In the past few years journalists have developed a strain of religion reportage that centers on a stunt, one patterned after George Plimpton’s turn as a major-league pitcher or maybe John Howard Griffin’s “Black Like Me.” The latest version, by Brown University senior Kevin Roose, follows the gag faithfully.
As a junior at Brown University, Roose spent his semester “abroad” as a transfer student at Liberty University, the strictly Christian Virginia school founded by Jerry Falwell. He congratulates himself on his own wordliness (Brown, he tells us, is “a school whose overall social climate, according to Falwellian standards at least, is only a notch or two above Sodom and Gomorrah.”) He learns the folkways of the school and bonds with his dormmates. His own spirituality unexpectedly deepens. He keeps in touch with friends he’s made. Following another prerequisite for the genre, Roose’s book, “The Unlikely Disciple,” boasts a long subtitle, which I forget but which translates to “I Was a Teenage Evangelical.”

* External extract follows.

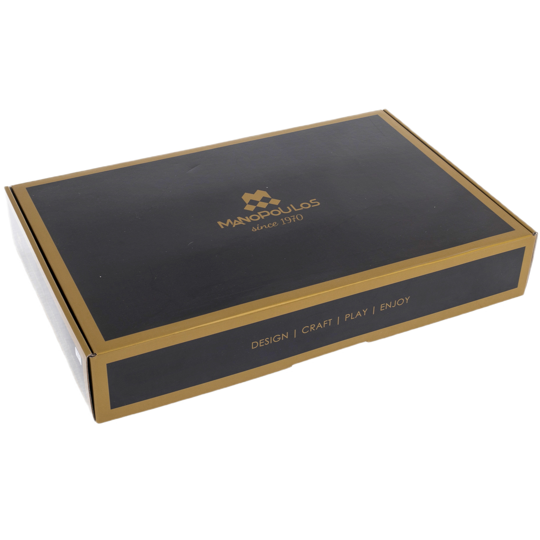 Package contents:backgammon, 30 mother-of-pearl checkers (15 brown and 15 white), 4 dice, 1 dice for doubling, a set of wooden dice cups, a Manopoulos gift box.
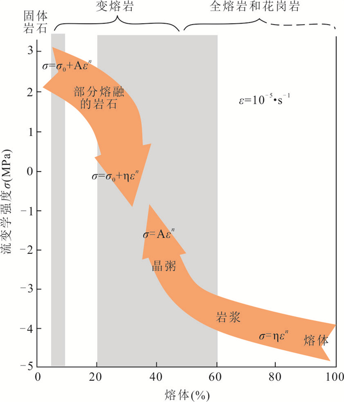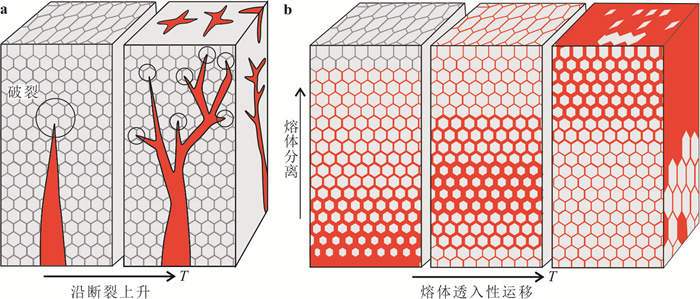 Anatexis is significant for the evolution and rheological properties of the continental crust, linking metamorphism, tectonic deformation, and magmatic activities in deep crust. According to the presence or absence of free water, anatexis can be divided into water-fluxed melting and dehydration melting. Dehydration melting involves the breakdown of hydrous phases, such as muscovite, biotite or amphibole. Generally, dehydration melting reactions begin at ~650 ℃ and produce melt, peritectic garnet and K-feldspar. Melt resulting from dehydration melting is water unsaturated, characterized by high Rb, high Rb/Sr ratio, high 87Sr/86Sr ratio, and low Sr, Ba, Ca. Melt productivity of dehydration melting reaction is controlled by P-T condition and water content in rock, and it is only possible to produce a large amount of melt at granulite facies. Water-fluxed melting reactions involve the presence of free water. Its most significant feature is that the temperature required is relatively low, and can produce voluminous melting at amphibolite facies. The resulting melt is water-saturated or water unsaturated that can extract from the source. Melt derived from water-fluxed melting reactions has high Sr, Ba, Ca, low Rb/Sr ratio and low Rb. Anatexis has a profound impact on the thermodynamic and rheological properties of the rocks. At the same time, the movement of melt out of the lower continental crust promotes the chemical differentiation of the crust and forms a wide range of leucogranite, playing a crucial role in the origin, reworking, and stability of the continental crust.

I confess that I’ve only read the excerpts of “Unlikely Disciple” available on Salon and on Roose’s own site. This isn’t laziness alone: I find these accounts nearly unreadable in the repetition of scenes: the hopeless street evangelizing, the conversion attempts, the off-the-reservation partying. There’s little that suggests that Roose has moved the goalposts on our understanding of evangelicals. The focus on his own daring experiment enables Roose to refrain from meaningful analysis: his qualification for his inquiry is precisely that he knows so little of his exotic prey. The arc of his story is his journey through the Christian wilderness. But he’s no gonzo journo who blows up the assignment with fear and loathing: as he explains on his blog, he now prays daily and more readily calls himself a Christian (he was raised a Quaker).
Roose got the idea for his book while serving as an intern to A.J. Jacobs for his “The Year of Living Bibically: One Man’s Humble Quest to Follow the Bible as Literally as Possible,” but in subject matter it more resembles “God’s Harvard: A Christian College on a Mission to Save America” Hanna Rosin’s more sincerely serious account of getting to know students at Patrick Henry College, the academy aimed at grooming politically effective conservative Christians. (Rosin’s husband, David Plotz, has also just published a more sincerely serious version of Jacobs’s book, “Good Book: The Bizarre, Hilarious, Disturbing, Marvelous, and Inspiring Things I Learned When I Read Every Single Word of the Bible”).

Each of these authors has a different agenda–Jacobs plays the Torah’s outdated dicta for laughs (Roose, when working for him, was his biblically sanctioned slave), while Rosin is a political reporter taking stock of the Bush era. But these chroniclers have in common a strange naiveté.
It takes one kind of blindness, of course, in pronouncing the Bible and its adherents to be genuinely interesting and only slightly annoying, as opposed to truly pernicious. But there is something else–the presumption that we the reader might not have realized that religion–even other people’s religion–has some positive values at its core. We wouldn’t credit a writer who took a book to tell us that, snobs aside of course, wine tastes good or that–look, everyone!–football can be damned exciting. Yet these authors sport an arrogant confidence that readers will not only forgive these authors for their lack of sophistication about religion, but admire them for discovering it in public.